Document/Corpus Functions

function check_doc(doc::Document)
	"Check Document parameters."

function check_corp(corp::Corpus)
	"Check Corpus parameters."

function readcorp(;docfile::String="", vocabfile::String="", userfile::String="", titlefile::String="", delim::Char=',', counts::Bool=false, readers::Bool=false, ratings::Bool=false)	
	"Load a Corpus object from text file(s)."

	### readcorp(:nsf)   	- National Science Foundation Corpus.
	### readcorp(:citeu)	- CiteULike Corpus.

function writecorp(corp::Corpus; docfile::String="", vocabfile::String="", userfile::String="", titlefile::String="", delim::Char=',', counts::Bool=false, readers::Bool=false, ratings::Bool=false)	
	"Write a corpus."

function abridge_corp!(corp::Corpus, n::Integer=0)
	"All terms which appear less than n times in the corpus are removed from all documents."

function alphabetize_corp!(corp::Corpus; vocab::Bool=true, users::Bool=true)
	"Alphabetize vocab and/or user dictionaries."

function remove_terms!(corp::Corpus; terms::Vector{String}=[])
	"Vocab keys for specified terms are removed from all documents."

function compact_corp!(corp::Corpus; vocab::Bool=true, users::Bool=true)
	"Relabel vocab and/or user keys so that they form a unit range."

function condense_corp!(corp::Corpus)
	"Ignore term order in documents."
	"Multiple seperate occurrences of terms are stacked and their associated counts increased."

function pad_corp!(corp::Corpus; vocab::Bool=true, users::Bool=true)
	"Enter generic values for vocab and/or user keys which appear in documents but not in the vocab/user dictionaries."

function remove_empty_docs!(corp::Corpus)
	"Documents with no terms are removed from the corpus."

function remove_redundant!(corp::Corpus; vocab::Bool=true, users::Bool=true)
	"Remove vocab and/or user keys which map to redundant values."
	"Reassign Document term and/or reader keys."

function stop_corp!(corp::Corpus)
	"Filter stop words in the associated corpus."

function trim_corp!(corp::Corpus; vocab::Bool=true, users::Bool=true)
	"Those keys which appear in the corpus vocab and/or user dictionaries but not in any of the documents are removed from the corpus."

function trim_docs!(corp::Corpus; terms::Bool=true, readers::Bool=true)
	"Those vocab and/or user keys which appear in documents but not in the corpus dictionaries are removed from the documents."

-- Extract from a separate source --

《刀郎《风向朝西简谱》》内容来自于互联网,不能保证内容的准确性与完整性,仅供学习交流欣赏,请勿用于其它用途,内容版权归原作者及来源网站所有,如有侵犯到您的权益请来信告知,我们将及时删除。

function fixcorp!(corp::Corpus; vocab::Bool=true, users::Bool=true, abridge::Integer=0, alphabetize::Bool=false, condense::Bool=false, pad::Bool=false, remove_empty_docs::Bool=false, remove_redundant::Bool=false, remove_terms::Vector{String}=String[], stop::Bool=false, trim::Bool=false)
	"Generic function to ensure that a Corpus object can be loaded into a TopicModel object."
	"Either pad_corp! or trim_docs!."
	"compact_corp!."
	"Contains other optional keyword arguments."

function showdocs(corp::Corpus, docs / doc_indices)
	"Display document(s) in readable format."

function showtitles(corp::Corpus, docs / doc_indices)
	"Display document title(s) in readable format."

function getvocab(corp::Corpus)

function getusers(corp::Corpus)

Model Functions

function showdocs(model::TopicModel, docs / doc_indices)
	"Display document(s) in readable format."

function showtitles(model::TopicModel, docs / doc_indices)
	"Display document title(s) in readable format."

function check_model(model::TopicModel)
	"Check model parameters."

function train!(model::TopicModel; iter::Integer=150, tol::Real=1.0, niter::Integer=1000, ntol::Real=1/model.K^2, viter::Integer=10, vtol::Real=1/model.K^2, checkelbo::Union{Integer, Inf}=1, printelbo::Bool=true)
	"Train TopicModel."

	### 'iter'	- maximum number of iterations through the corpus.
	### 'tol'	- absolute tolerance for ∆elbo as a stopping criterion.
	### 'niter'	- maximum number of iterations for Newton's and interior-point Newton's methods. (not included for CTPF and gpuCTPF models.)
	### 'ntol'	- tolerance for change in function value as a stopping criterion for Newton's and interior-point Newton's methods. (not included for CTPF and gpuCTPF models.)
	### 'viter'	- maximum number of iterations for optimizing variational parameters (at the document level).
	### 'vtol'	- tolerance for change in variational parameter values as stopping criterion.
	### 'checkelbo'	- number of iterations between ∆elbo checks (for both evaluation and convergence of the evidence lower-bound).
	### 'printelbo'	- if true, print ∆elbo to REPL.

@gpu train!
	"Train model on GPU."

function gendoc(model::TopicModel, laplace_smooth::Real=0.0)
	"Generate a generic document from model parameters by running the associated graphical model as a generative process."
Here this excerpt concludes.